Abstract 166: Loss Of Endothelial Cell Specific EphA4 Improves Acute Leptomeningeal Collateral Growth Following Ischemic Stroke

Abstract

Leptomeningeal anastomoses, or pial collateral vessels, are a major determinant of patient outcome following ischemic stroke. These vessels form in the pia mater of the brain during development and connect distal arterioles of cerebral arteries. Following vascular obstruction, pial collaterals expand through arteriogenesis, an adaptive process that allows for retrograde perfusion into the obstructed artery and its affected tissue.

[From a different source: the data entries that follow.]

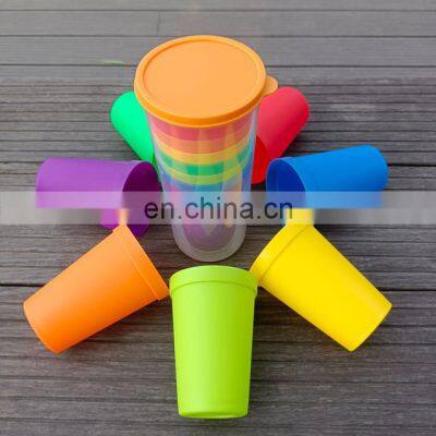 Rainbow Color Reusable Plastic Cups Set Product DescriptionRainbow Color Reusable Plastic Cups Set picture Details description of Rainbow Color Reusable Plastic Cups Set1) PP material, food grade material2) Extra cost for 1c 1 position logo is $0.02/pc3) Capacity 500-600ml Model NO.PT95625Material Plastic PPSize Size of outer cup:8*8*17cm,63gSize of inner cup:6.8*4.6*9.2cm,16.3gUnit weight177gLogoSilk or heat transfer printing or stamp printing Color As per picture Details pictures of Rainbow Color Reusable Plastic Cups Set Packaging & ShippingPacking details for Rainbow Color Reusable Plastic Cups Set1set/polybag,72pcs/ctnCtn size:45*33*57cmG.W./N.W.:13.5/12.5kgsOur Services1) Your inquiry will be replied within 12 hours.2) Well-trained & experienced sales can reply your inquiries in English.3) Working time: 8:30 am ~6:00 pm, Monday to Friday (UTC+8).During working time, E-mail will be replied to you within 2 hours4) OEM & ODM projects are highly welcomed. We have strong R&D team.5) The order will be produced exactly according to order details and proofed samples. Our QC will submit inspection report before shipment.6) Your business relationship with us will be confidential to any third party.7) Good after-sale service.Company InformationNingbo Pinbo Plastic Manufacturer is one of most competitive supplier specializes in promotional gift items, was established in 2006. With more than 160 persons and many modern facilities, currently, we have already exported to America, Europe, Japan, Mexico and 20 other countries and regions. Your OEM and ODM product are welcome, our 6 experienced engineers and designers can work on your ideas. We regards “high quality, competitive price, on-time delivery, and fast and effective communications” as our tenet, hope to cooperate with more customers for mutual development and benefits. FAQOur partners: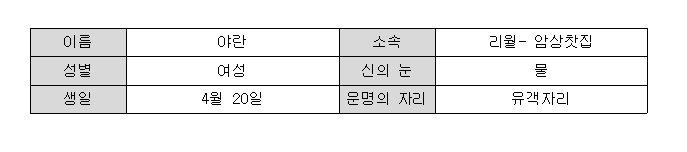 야란은 리월에 소속된 물 원소 속성을 가진 캐릭터입니다.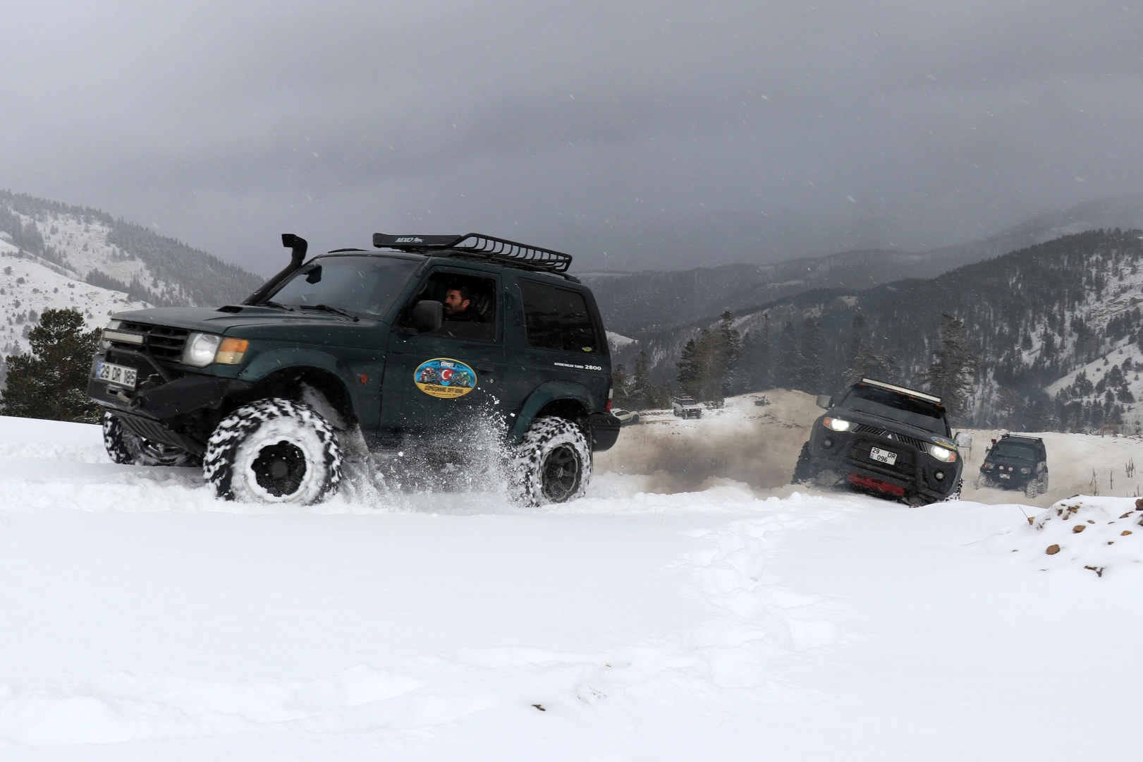 Torul ilçesine bağlı Kocadal köyünden Tersun Dağı zirvelerine orman içinde karlı kaplı yolları aşarak giden sporcular zaman zaman arızalanan araçlarını kendi imkanlarıyla yaparak yollarına devam etti.

However, acute arteriogenesis following ischemic stroke has been poorly investigated, therefore our research aims to fill this knowledge gap. Our novel pre-clinical murine findings suggest EphA4, a receptor tyrosine kinase, plays a role in restricting arteriogenesis following permanent middle cerebral artery occlusion (pMCAO). To investigate the role of endothelial cell-specific EphA4 in acute arteriogenesis, we employed 3-month old conditional endothelial cell (EC)-specific EphA4 knockout ( EphA4 fl/fl /Cdh5::Cre ERT2 ; KO) and wild type ( EphA4 fl/fl ; WT) mice. Compared to WT controls, we find KO mice displayed a significant reduction in infarct volume (24.0±1.8mm 3 vs 14.3±2.5mm 3 ; n=9) which correlated with larger ipsilateral pial collateral vessels as early as 4.5-hours (27.31±0.6um vs 32.41±0.8um; n=15) and up to 24-hours post-pMCAO (31.14±0.8um vs 36.7±0.9um; n=15). Additionally, our previous work has indicated that EphA4 may exert its inhibitory function on arteriogenesis by hindering Tie2 signaling. To identify gene expression changes in the collateral vessels and connecting cerebral arteries, the pial surface was carefully isolated from four mice per sample and pooled. Analysis of mRNA expression in the pial surface 24-hours post-pMCAO revealed that WT mice had significantly higher fold change of angiopoietin-2 (1.4±0.2 vs 0.8± 0.09; n=5) and Tie1 (5.3±1.8 vs 0.9±0.2; n=5) compared to KO mice, indicating potential inhibition of Tie2 signaling. These findings demonstrate that EC-specific EphA4 negatively regulates collateral growth and inhibition of this receptor could serve as a novel therapeutic strategy for improving collateral response following ischemic stroke.